2008-12-02

愛しすぎて、愛してる。

本当に死ぬしかないと思ったらさ、何も言葉なんか出てこないんじゃないの。

ああ、やっぱり俺は絶対に自分からは死ねないんだよなぁ。あの人がこの世に生きている限り、俺はあの人のことを見ていたいから。

見ていることしかできない辛さのために何度自分の心を殺しても、肉体が滅びない限り不老不死のこの心は生き続ける。痛覚を延々と継続的に一生抱き、体も心も生きなきゃいけない。今までも辛かったんだから、これからも死ぬほど辛いんだ。覚悟は、………うん、した。

あの人は星なんだ。見えるけど、絶対に届かない。外部から愛でることはできても、絶対に届かない。命を賭けるほどの覚悟をしなければ会いに行けない遠い遠い異国の貧しい農村の女を好きになったとしても、結ばれる可能性がわずかにでもあれば、それは星なんかじゃない。だからあの人は、俺にとって永遠の距離を象徴する、星なんだ。

あの人の長年の痛み。それを俺は勝手に、あの人に一生精神的に干渉できないくせに、誰のためにもならないのに、背負い続けていかなければならないと感じている。少なくとも、あの人が痛み続けてきた数十年を、俺は同じだけ背負いたい。繰り返すが、俺は勝手に、あの人に一生精神的に干渉できないくせに、誰のためにもならないのに、だ。どうしても、どうしても。腐った意地を貫きたいって、貫けって、脳が言ってる。俺は勝手に、あの人に一生精神的に干渉できないくせに、誰のためにもならないのに、誰のせいにもできないようなことを、したい。したいんだ。この想いが叶わないならせめて、あの人が痛み続けた時間を背負って、あの人の心に近付いた気になりたいだけなんだ。

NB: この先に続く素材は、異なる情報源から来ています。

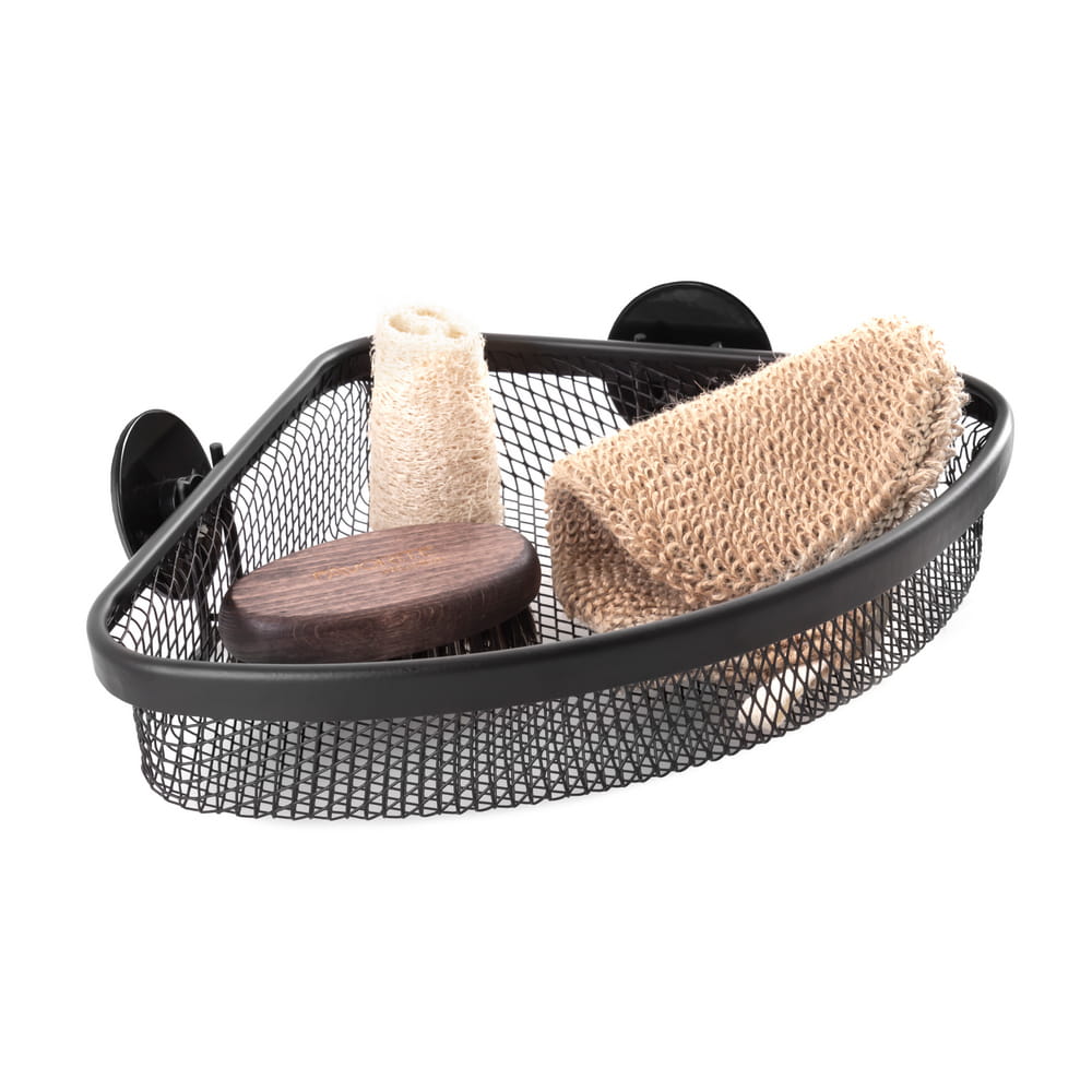 Przedmiotem sprzedaży jest półka łazienkowa druciana rogowa na przyssawki. Posiada jeden poziom na którym pomieścimy podstawowe drobiazgi w łazience. Półkę montuje się na znakomicie trzymające przyssawki wykonane w podobnej technologii jak w nawigacjach samochodowych. Przykładamy do gładkiej kafelki, szyby lub lustra i dociskamy uchwytem na środku. Jest to świetny produkt dla osób, które nie chcą niszczyć swoich nowych kafelek lub ściany wiertarką. Osoby, które nie mają gładkich kafelek, szyby lub lustra zapraszamy do działu akcesoriów łazienkowych przyklejanych mocną taśmą 3M. Wymiary boki 25 x wysokość 12,5cm.
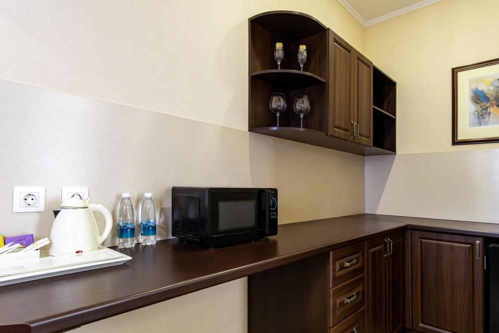 Просторный однокомнатный номер 1 категории с балконом и мини-кухней. В номере двуспальная кровать и санузел с ванной. Led TV, мини-холодильник, чайная станция, кондиционер, сейф, фен, телефон, микроволновая печь, тапочки и халаты. Для большего комфорта номер дополняет кресло. Вид во внутренний двор.
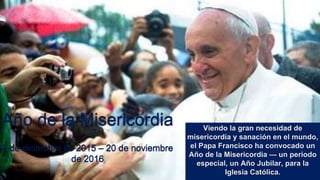 El documento habla sobre el Año de la Misericordia convocado por el Papa Francisco, un periodo especial para que la Iglesia Católica se centre en la misericordia, el perdón y la sanación. Insta a las Voluntarias Vicentinas a seguir el ejemplo de San Vicente de Paúl ayudando a los más pobres de forma corporal y espiritual, y promoviendo su dignidad y desarrollo para mejorar su calidad de vida.
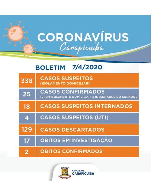 A Prefeitura de Carapicuíba continua trabalhando para conter o avanço do coronavírus na nossa cidade. Nesta terça-feira, o município registrou a cura de dois pacientes do Covid-19. Porém, já são mais de 300 casos suspeitos de coronavírus no nosso município, aguardando resultado de exames do Instituto Adolfo Lutz.
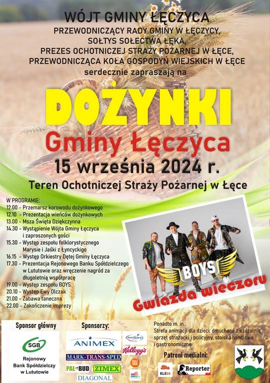 W niedzielę (15 września) odbędą się tegoroczne Dożynki Gminy Łęczyca. Wydarzenie będzie miało miejsce na terenie Ochotniczej Straży Pożarnej w Łęce.

本当はあの人のすぐ近くにいたいけど、あの人の父親にも兄弟にも息子にも孫にもなることなんかできない。だったら、俺は、別の何かになるしかない。そりゃ、俺だって星になってあの人を勝手に見守っていたいよ。でも俺が星になるって、なにが起きたって輝くこともできない無責任な物体になるだけだ。そんなもんになって、あの人の頭上にいてはいけない。じゃあ何になればいいんだろう。わからない。この世に、そんな何かという概念はないのだろう。だとすれば、絶対に見つからない答えを探してさまよい続けるしかない。つまり、今の自分そのものなんだ。そうなんだ。俺は、ただの、俺でしかないんだ。俺以外の何者にもなれない。

ははは、バカだなあ。あの人、じゃない別の道なんかいくらでもあるよ。知ってる。知ってるけどさぁ、今はそれしか見えないんだよ。俺の目はあの人で焼き付いて、剥がせない。心とかいう意味不明自分が、あの人で支配されている。きっとこういう感覚は誰にだってあるんだろうけど、潰せないんだよ。どうしても。

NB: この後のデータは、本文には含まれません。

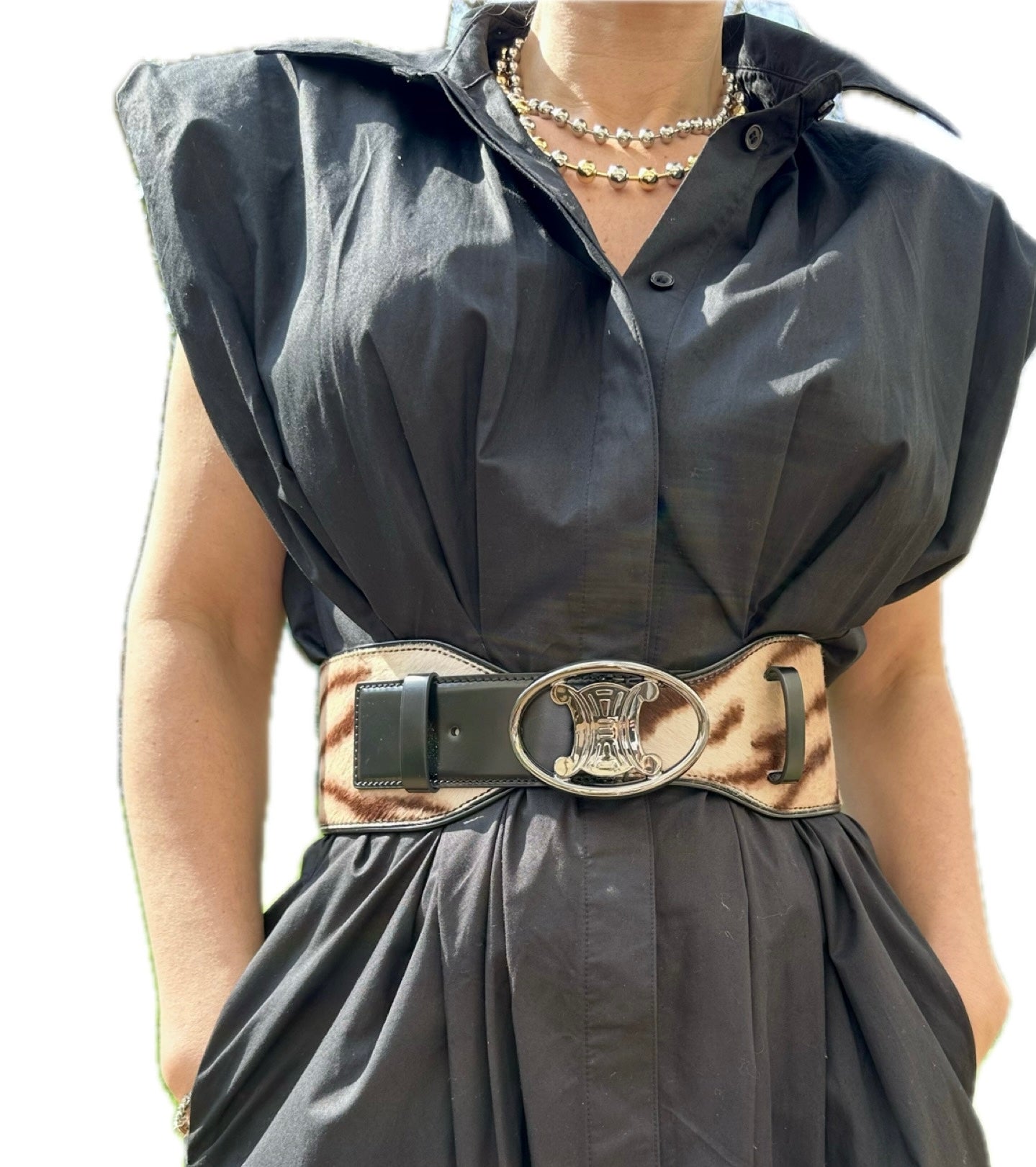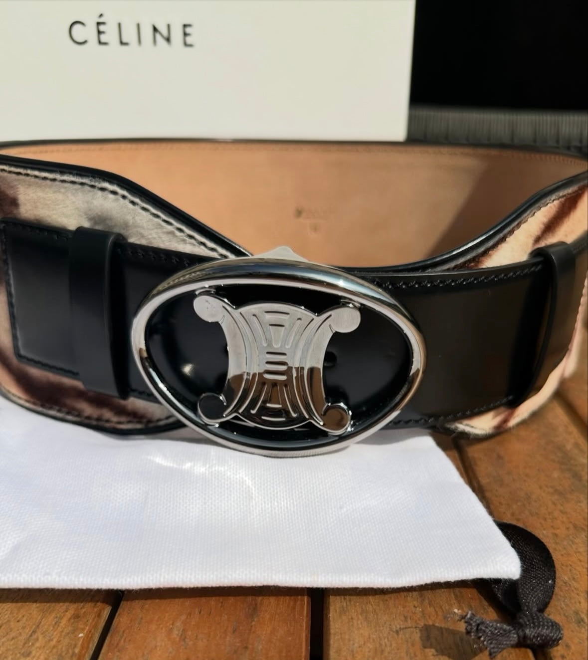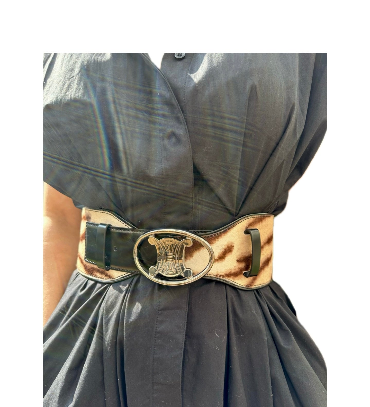Découvrez cette imposante ceinture vintage signée Céline, en taille 90 et réglable pour un ajustement parfait.

すぐにその機会があるってわけではないんだけど、次にあの人に会ったとき、俺どうなっちゃうんだろう。会いたくない。あの人は星なんだよ。会っちゃいけないのに。会ったらまた俺、死ななきゃならないのに。でも会いたくて会いたくて会いたくて会いたくてどうしよーもねぇ。顔も見たいし声も聞きたいし笑いかけたい。可愛くて仕方ないあの人を見たい。俺の力で、笑わせたい。どうしよう、俺はどうしようもない。名前の文字を見るだけで、涙が止まらない。今も、涙の内側にあの人がいる。涙なんかじゃ流れていかない。